Complication number one is the fact that the Historical Commission deemed all the buildings of the former decorating plant either historic or contributing. This is problematic for the developers, who wish to modify the main building and demolish the other two. The Architectural Committee recommended denial of this plan, and the project will likely be heard next month by the full Historical Commission. We’re also not sure how the main building could be viably reused in a 2020 concept without undergoing some serious exterior changes, so we suspect that part of the plan won’t change, but perhaps the developers will try to preserve the stable building in an effort to meet the Commission halfway.

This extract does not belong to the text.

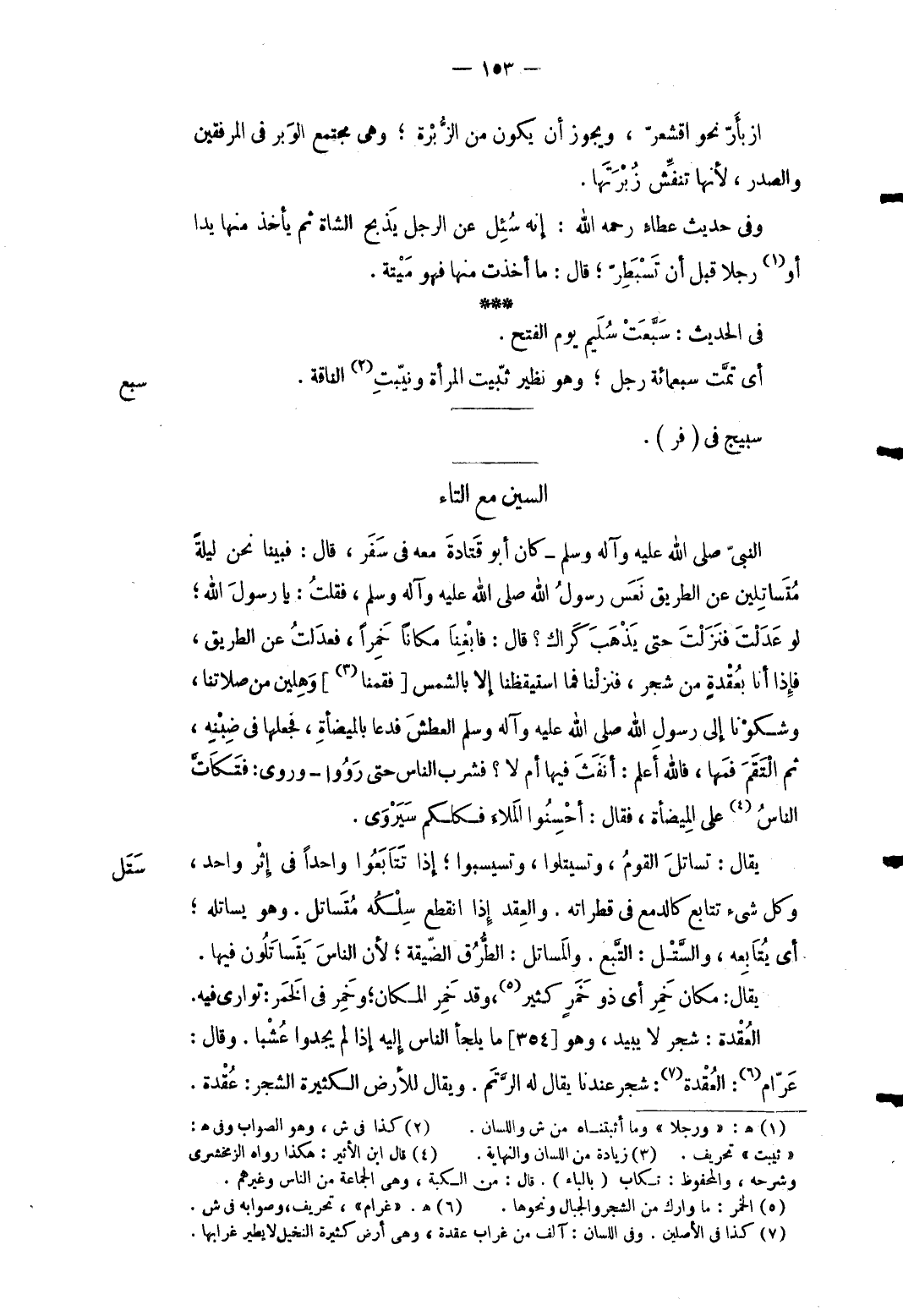 3 - ازبأر نَحْو اقشعر وَيجوز أَن يكون من الزبرة وَهِي مُجْتَمع الْوَبر فِي الْمرْفقين والصدر لِأَنَّهَا تنفش زبرتها. وَفِي حَدِيث عَطاء رَحمَه الله: إِنَّه سُئل عَن الرجل يذبح الشَّاة ثمَّ يَأْخُذ مِنْهَا يدا أَو رجلا قبل أَن تسبطر قَالَ: مَا أخذت مِنْهَا فَهُوَ ميتَة. فى الحَدِيث: شبعت سليم يَوْم الْفَتْح.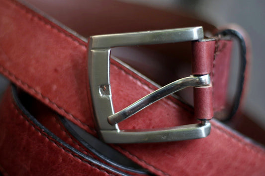 Vintage Red Leather Belt| Women's 70s Minimalist Belt| Classic Purist Leather Accessory

Of course, this won’t be the only issue for the developers. Assuming they get through Historic, they will still need a variance from the ZBA for this project. For whatever reason, this parcel is zoned for single family use, not mixed-use or even (as one might expect) industrial. As a result, they could only build maybe a dozen townhomes here, if they pursued a by-right development. This project will result in countless refusals, even though it’s obviously a higher and better use than single-family homes, given the size of the parcel and its proximity to mass transit and commercial corridors. Alas, it’ll be up to the developers to convince the community and the ZBA that this is right move for this property. Of course, that won’t come into play until the Historical Commission gives its blessing to some version of this project. It sounds like a big mess to us, let’s hope it doesn’t take years to get everything worked out.